South Pars / North Dome Gas-Condensate Field - Reservoir Characteristics

Reservoir Characteristics

This largest non-associated gas reserve of the world is hosted by the Upper Dalan–Kangan (Upper Khuff equivalent) Permo-Triassic carbonate–evaporite successions. Detailed characterization of these strata in the South Pars field has shown that the reservoir properties are a function of both sedimentary and diagenetic processes at the field scale. Facies analysis of the studied units indicates that the sediments were deposited in the inner regions of a homoclinal carbonate ramp and were subsequently subjected to shallow diagenesis and minor burial. The vertical distribution of the facies shows cyclic patterns that impact reservoir quality. The rock type classes have been grouped on the basis of the dominant pore spaces, and have enabled distinct fields to be identified. This approach has demonstrated a relationship between poroperm values and rock type groups. Diagenetic overprinting has significantly affected the reservoir properties.

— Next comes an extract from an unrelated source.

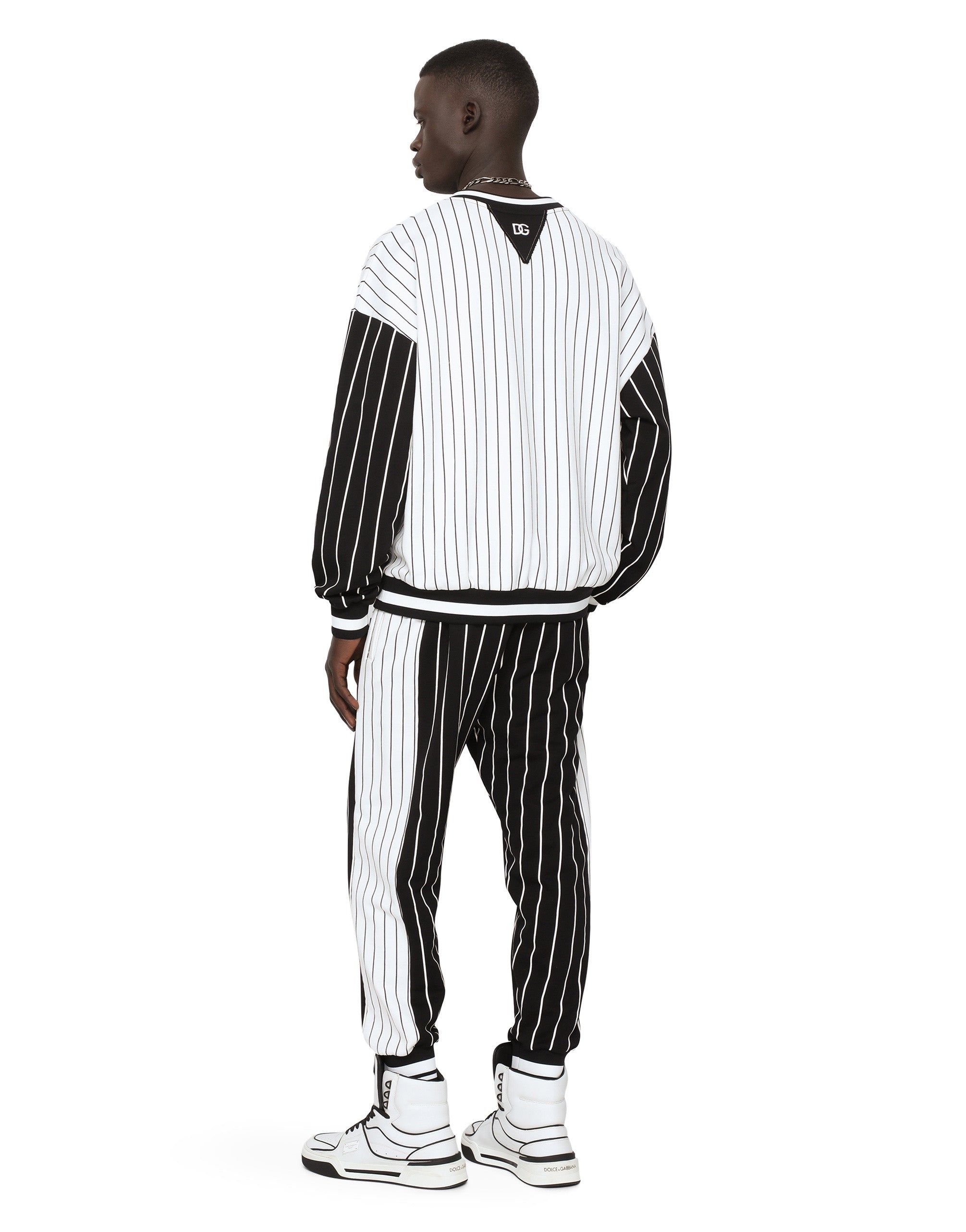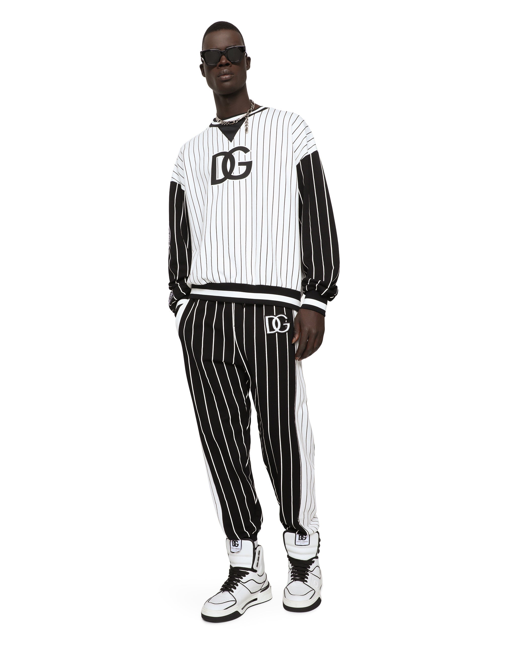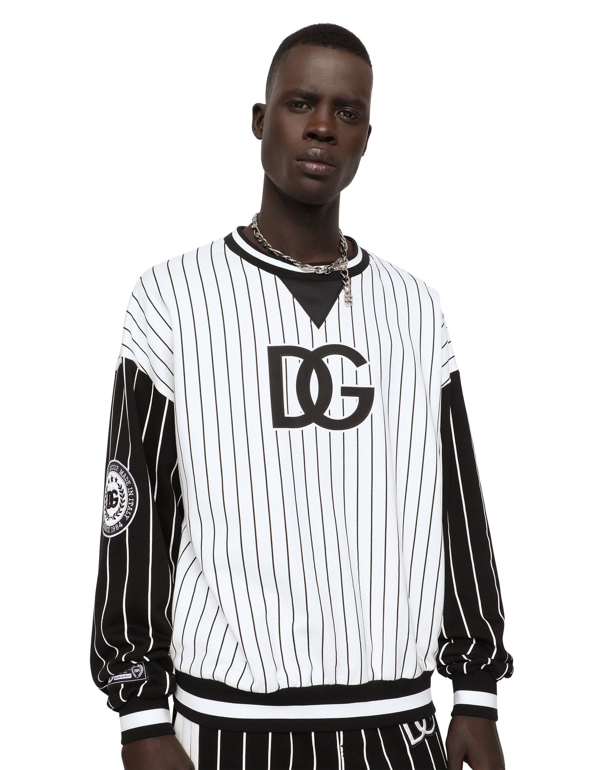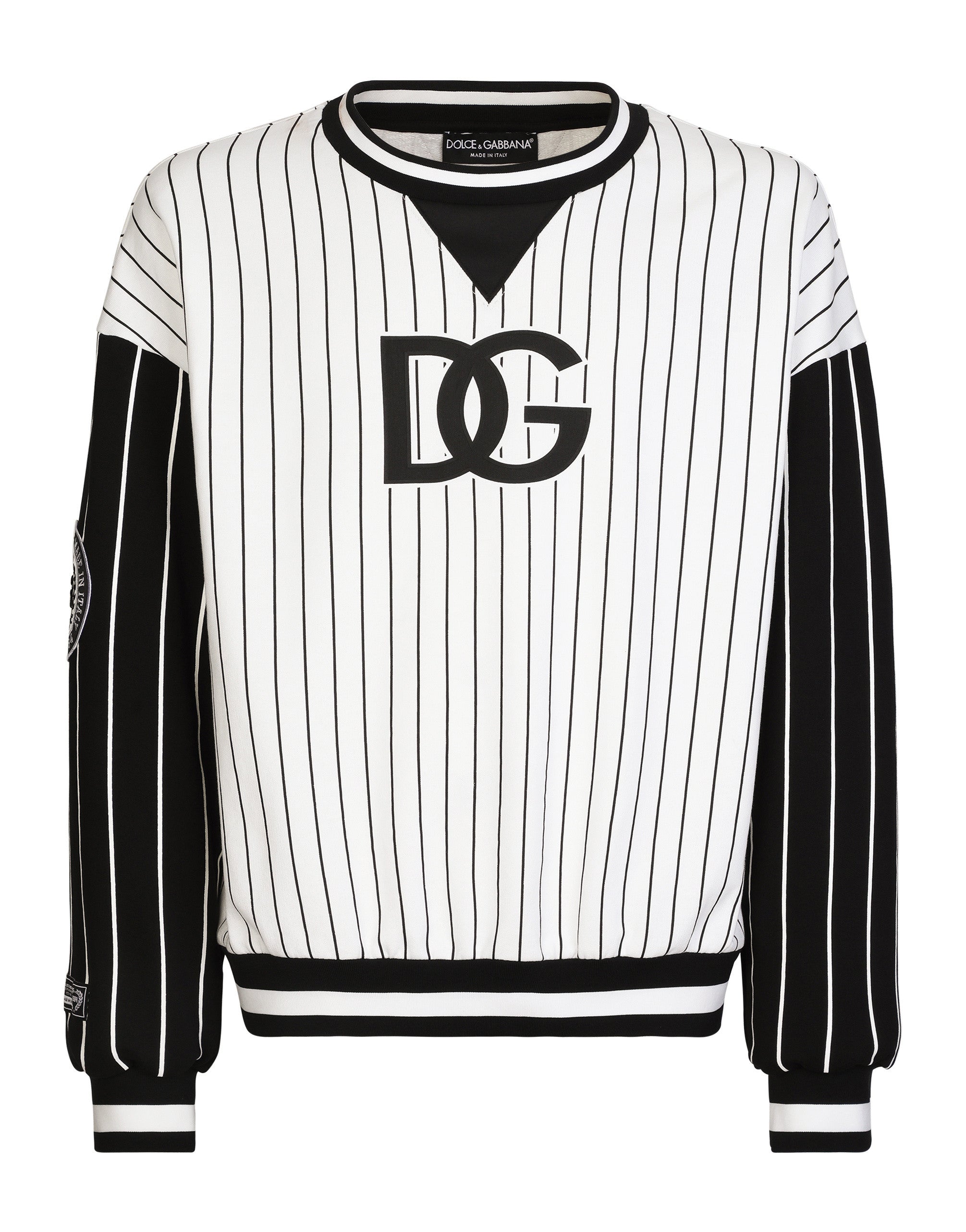 In the “Profondo Sud” Collection, Dolce&Gabbana’s signature aesthetic has undergone a contemporary evolution through the use and reworking of iconic fabrics and details that are reinterpreted in terms of shapes and pairings. The color black comes paired with polka-dot, stripe and DG-logo prints. Printed cotton jersey round-neck sweatshirt with DG embroidery and multiple patches. • Oversize fit • Stretch knit jacquard hem, neck and cuffs • The piece measures 69 cm from the rear collar seam on a size M • The model is 185 cm tall and wears a size M • Made in Italy

Although the original poroperm heterogeneities in the studied reservoir are inherited from the Upper Dalan–Kangan palaeoplatform, they have been modified strongly by diagenetic overprinting. Consequently, tentative correlation may be possible between facies types and reservoir properties based on diagenetic effects. Therefore, for precise characterization of the Upper Dalan–Kangan reservoir properties it has been necessary to integrate both the depositional history and diagenetic features. Based on the thin section studies from this field, pore spaces are classified into three groups including depositional, fabric-selective and non-fabric selective. Stable isotope studies confirm the role of diagenesis in reservoir quality development. Integration of various data show that different diagenetic processes developed in two reservoir zones in the Kangan and Dalan formations.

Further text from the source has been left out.